Psychedelic Furs at Kool Haus in Toronto

Psychedelic Furs Heat Up the Kool Haus

The Psychedelic Furs clearly enjoyed performing as much as the audience at the Kool Haus enjoyed watching them.

Led by an animated Richard Butler, who sings in a Sprechgesang style, the Furs' songs came alive on stage. Opening with Love My Way and continuing with a handful of hits, including President Gas, Ghost In You and the familiar Pretty In Pink, the title song to the 1986 John Hughes' film of the same name.

Psychedelic Furs at Kool Haus in Toronto

The bass was turned up to 11 for this show, making me feel my brain rattle inside my skull. But it was the saxophone that drove a lot of the songs. Mars Williams gave the band a supercharged jolt of energy with his adept playing. At times he even switched from alto to soprano sax mid-song. This guy was a firecracker on stage. I especially enjoyed his solo toward the end of Sister Europe.

Butler and Williams both moved around on stage a fair bit, providing enough visual stimuli for the songs, instead of relying on gimmicky lasers or too many flashing lights. Butler's nerdy glasses and black vest on a dark shirt combo gave off an elegant yet boyish charm. He often moved his arms about to punctuate the lyrics of his songs.

The five-piece backing band were tight all night, giving a musically solid show.

Happy Mondays at Kool Haus in Toronto

I missed Spirits, who started off the evening with a short set at 8 p.m. But I did arrive at the Kool Haus just in time to see The Happy Mondays, a holdover from the Madchester scene of the late '80s and early '90s.

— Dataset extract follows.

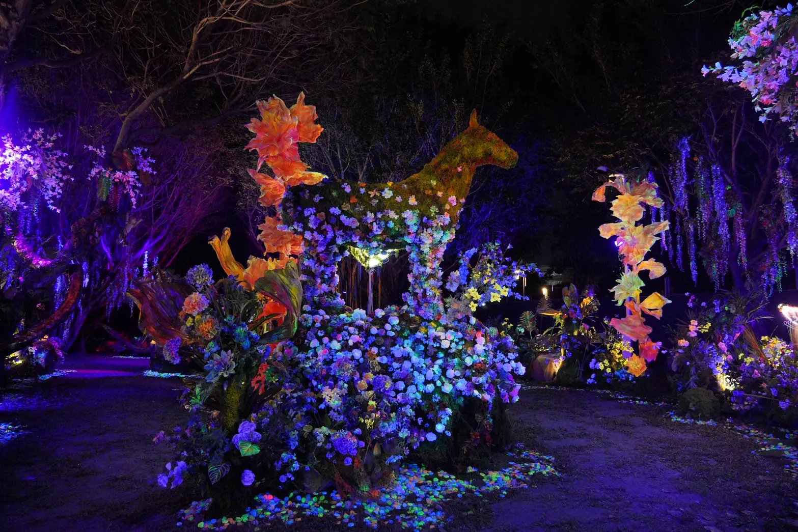 建設局補充,「驚蟄界」由曾打造高人氣燈區「龍之異次元」的策展團隊再度操刀,以「春雷喚醒大地、萬物重新萌生」為核心概念,融合工藝、花藝、多媒材裝置與聲光特效,形塑高度沉浸式的雨林場景,並呼應馬年意象,注入動感與能量,帶領民眾在行走燈區時,彷彿親身感受春天甦醒、生命流動的節奏。

I found the Mondays' 45-minute set rather boring. The band's got some great bass lines, which were amplified by the live mix, but most of the songs lost their appeal to me over time. There were a few die-hard fans near the front of the stage, but it was obvious that most of us were there to see The Furs.

Singer Shaun Ryder's thick Mancunian accent was lost on me as he mumbled something or other between a few songs behind his dark shades. I managed to make out that his nephew filled in on drums.

Singer Julie E. Gordon looked great in her pouffy skirt and black corset. Her voice was a nice addition to Ryder's, but she seemed to upstage him a few times.

Still, they managed to sufficiently warm up the crowd on this first zero-degree night in Toronto, getting a few more feet moving to the beat of their hit song cover of Step On, which got a lot of arms waving in the air, but not enough feet moving on the floor.

It's a pity their dancer Mark "Bez" Barry didn't make it through customs to join the band for the show. Perhaps he'd have had the Toronto crowd dancing sooner.

Photos by John Papamarko.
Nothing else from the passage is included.